Искусство и коммунистический идеал - [139]

Шрифт
Интервал

Еще сухой удар струнных. Еще раз. Еще (cresc.) — и вдруг воплем отчаяния, скорби, гнева взрывается оркестр…

Это нестерпимый крик боли и ужаса, вырвавшийся с огромной силой, которую нельзя ни удержать, ни умерить, — крик души, только что осознавшей все роковое значение утраты, крик насмерть раненной Великой Любви, стимула жизни Вселенной…

…Но тяжелые ритмичные удары похоронного шествия беспощадно подавляют этот крик — тихим скорбным плачем (тема Вельзунгов) пытается вылиться горе — и вновь воспоминание рождает громкий, раздирающий сердце стон. И опять — тяжелые жестокие удары… Конец! Конец всему! Молчание!

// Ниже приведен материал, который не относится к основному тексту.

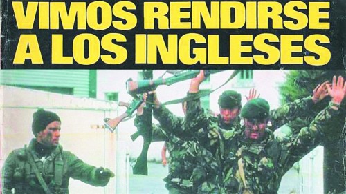 好不容易赶到政府大楼前,他们已陷入阿根廷人的三面夹击。就在僵持之际,双方高官协商停战,阿穆尔带着自己的士兵高举双手走出大楼。英国《泰晤士报》记者上前,为他们拍下了一张头条照片。
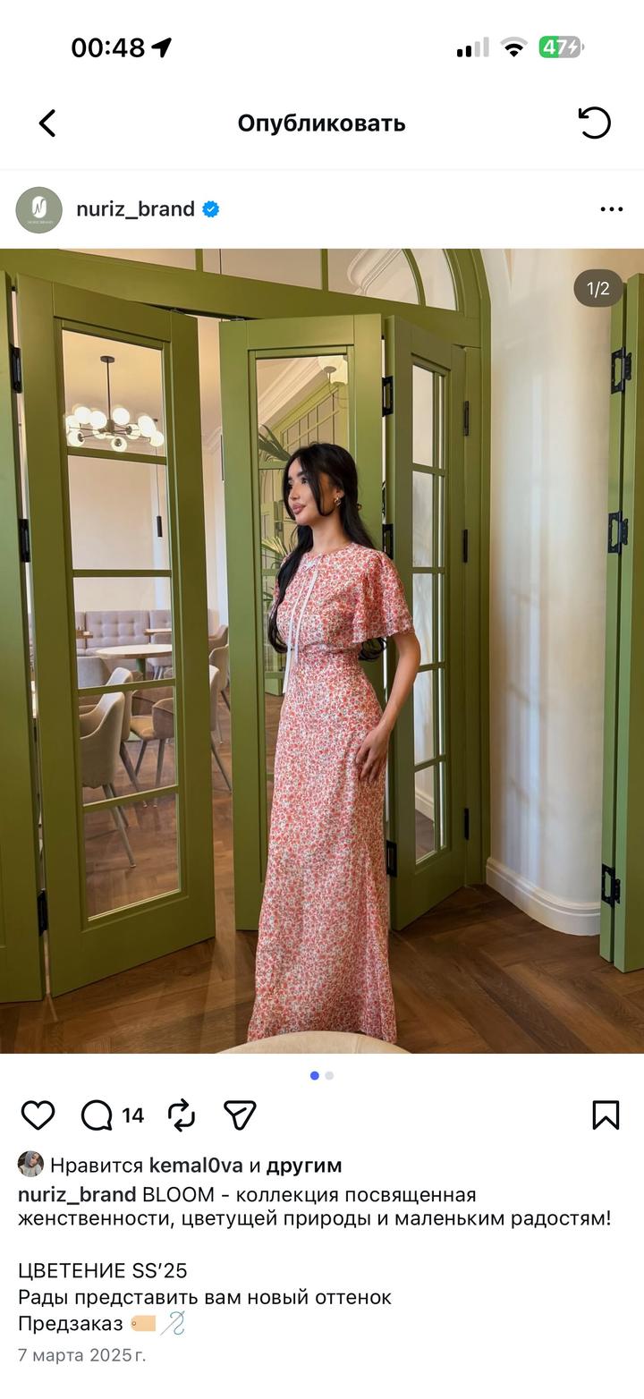 Платье от бренда Nuriz (ателье в Бишкеке) размер Xs , рост 160 +\- Надевала 1 раз Идеальное состояние Артикул: 536760

…Мягкий жалобный плач деревянных духовых на фоне мрачного грохота литавр. Он звучит печальным упреком за всё, обращенным к Всесильной Любви, родившей надежды на героя, который умер, не свершив подвига искупления…

Наступает смятение. Глухие пассажи контрабасов и виолончелей, торопливые мучительные усилия вопреки страшной реальности прогнать мысль о смерти героя, которая главенствует над державным голосом тубы…

Еще и еще пытается человек закрыть глаза, представить себе на мгновение, что не было смерти, что остались хоть какие-нибудь надежды, что герой жив, и — ослепительным сиянием до-мажорного аккорда засветилась вдруг яркая тема меча, волшебного разящего Нотунга! С ним Зигфрид непобедим!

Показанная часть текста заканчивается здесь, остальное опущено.